Several other articles of the constitution are not clearly defined as well, which have made them open to interpretation. Article 3, for example, says: "No law can be contrary to the belief and provisions of the sacred religion of Islam." Some consider this may open the door to a firm implementation of Islamic law; and while the constitution includes a commission for the implementation of the law, it does not clarify at all what level of authority the commission holds.

If a nation's first baby steps begin with the drafting and approval of a constitution, given that Afghanistan has already implemented these procedures, how faithful will it be to the document? That is, how well will the leaders of the state honour the rules of politics?

The most basic organisation of a system of strong and well-designed political institutions is the state itself. Afghan citizens cannot effectively have their rights protected by a rule of law unless a stable state exists. Without security, a functional rule of law and genuine popular support, the new constitution could suffer the same fate as the country's previous ones have.

If the purpose of the international intervention since 9/11 is to build a partnership with a legitimate Afghan government to prevent similar events from happening again, to stabilise Afghanistan so it can police itself, and to help stabilise the region so that Afghanistan and the surrounding region can eventually be a net contributor to global security and livelihoods rather than a drain, then aid alone cannot suffice Afghanistan towards self-sustainability. The government has to reform itself and curb official corruption; it should raise domestic revenues in a fair and balanced way, improve the civil service and implement a demanding policy framework. While the government of Afghanistan has declared its intention to implement such reforms, the donors have to monitor progress and encourage those in Afghanistan most committed to these policies with a package of support that enables them to implement their own plans.

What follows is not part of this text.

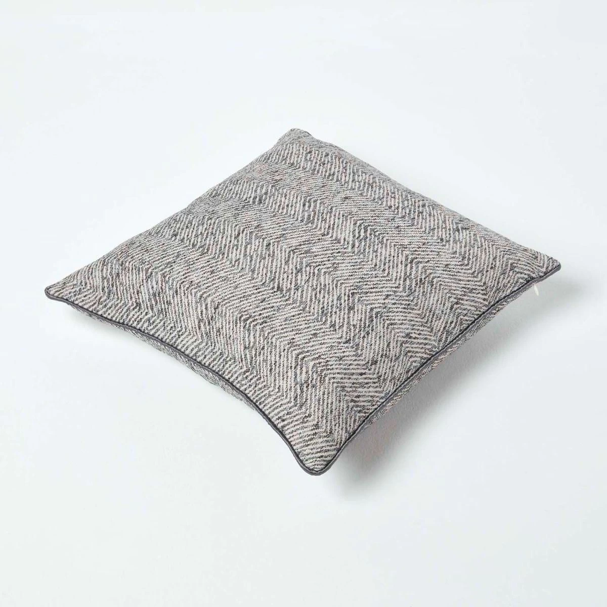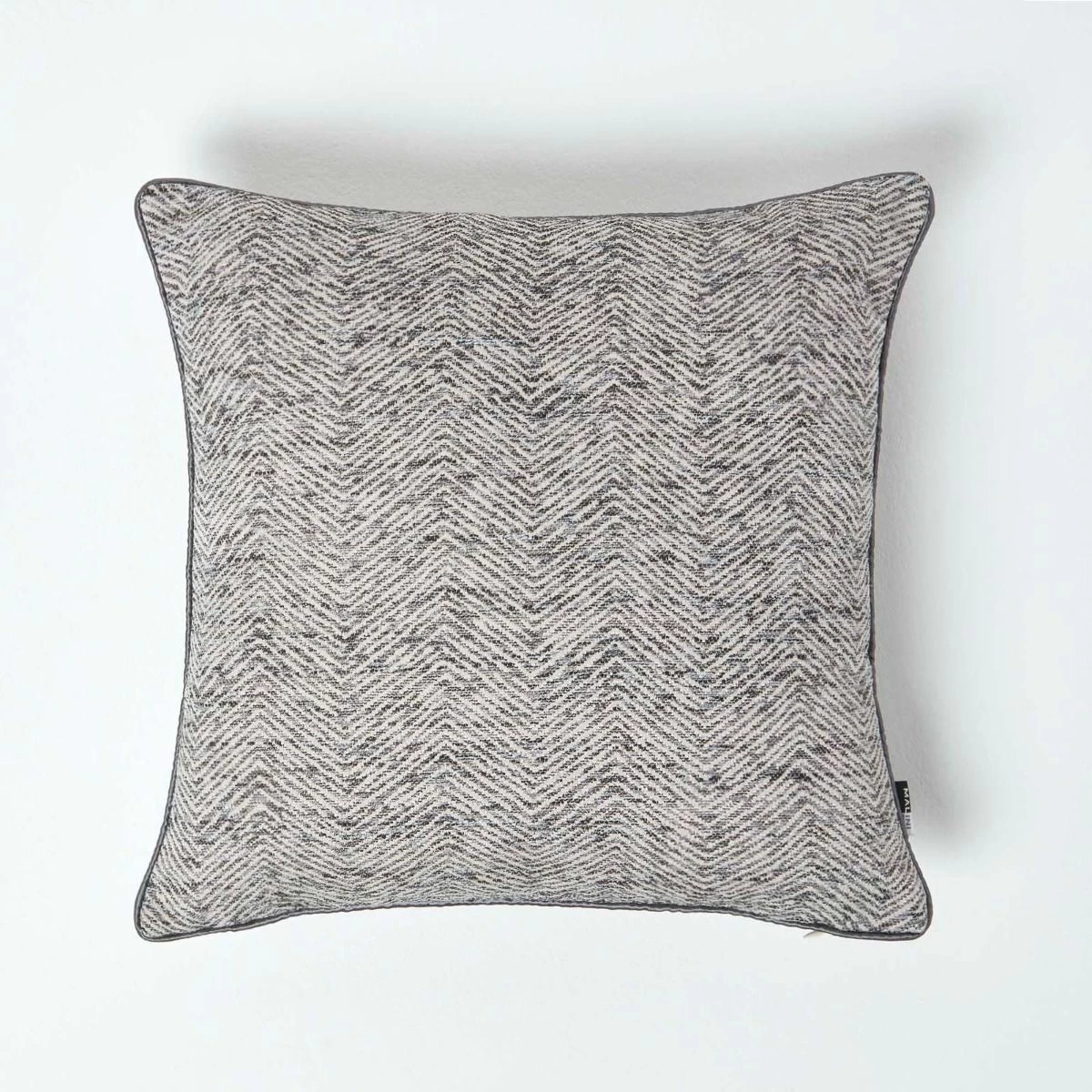 Textured grey scatter cushion. 43 x 43 cm woven grey cushion with distressed chevron pattern, contemporary style bed or sofa decorative cushion.

While the coalition presence may be preventing the Taliban and Al-Qaida from re-establishing bases that can threaten regional or global security, it is insufficient to establish an Afghan state that can sustain that security over time.

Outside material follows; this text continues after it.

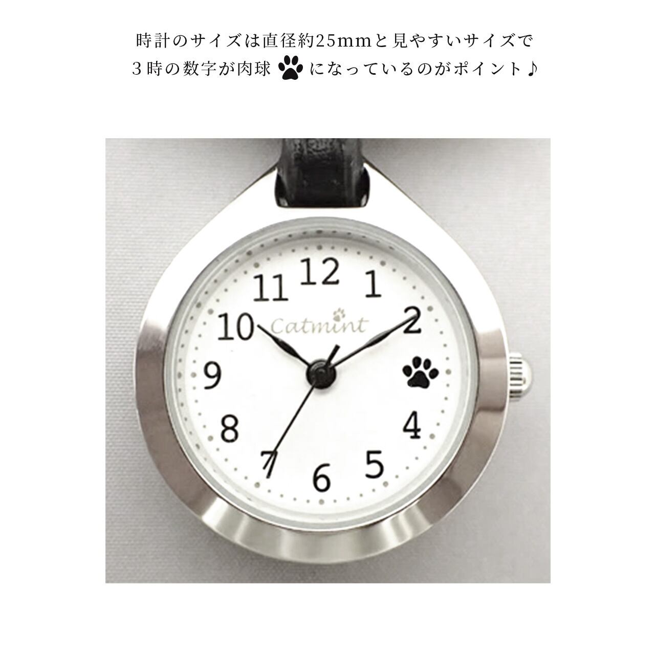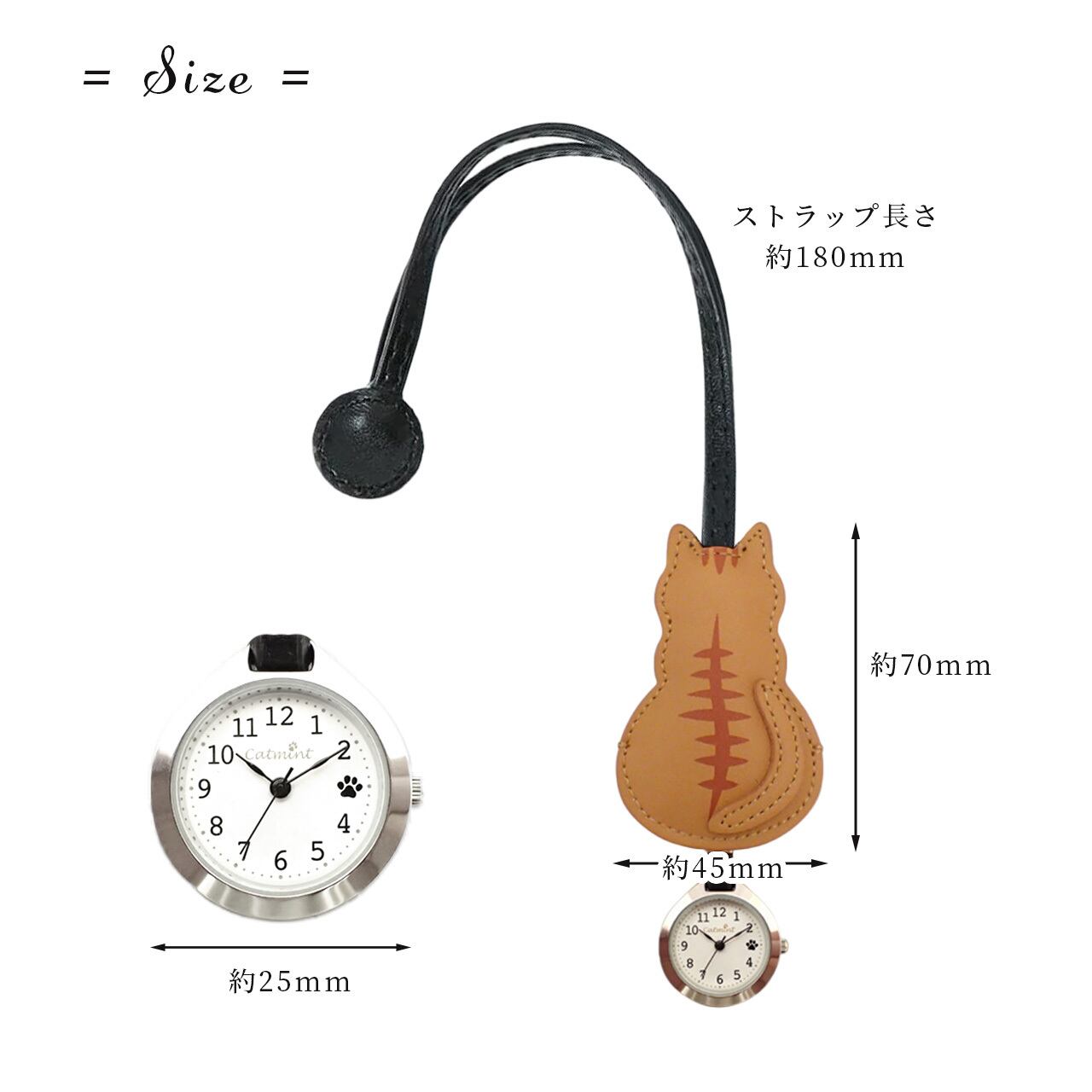 まあるいお尻でたたずむ姿がたまらない、猫の後ろ姿をモチーフにしたハングウォッチです。 バッグチャームとしても可愛いアクセントになり、猫型のカバーをサッとスライドさせるだけで時計が見えるので便利です。 盤面はシンプルなデザインで見やすく、3時の数字が肉球になっているのが可愛くてオシャレですね♪ ケースサイズも約25mmと小さすぎずちょうどいいサイズ感。 日本製ムーブメントを使用しており、メーカー保証もついているので、長く愛用できるアイテムです。 自分用にはもちろん、猫好きさんへのプレゼントにも喜ばれそうです♪

As one participant comments in the BBC Have Your Say debate on "What now for Afghanistan?" "As long as the government of Afghanistan is controlled by the US and their President is chosen by the US there is no future. Drug trafficking is thriving at the moment, warlords are governing Afghanistan and the President needs special forces to guard him inside the only city they can control, Kabul. And then you've got BBC that comments on the fact that they now have internet cafes. That's really progress isn't it?"
While the new constitution may be another chapter in the country's long, painful search to become a state, to define itself and its place within the world, the citizens of Afghanistan continue to struggle and question as to whether they can evade the contradictions their new constitution contains. Perhaps the saying "no state, no democracy" holds some authenticity!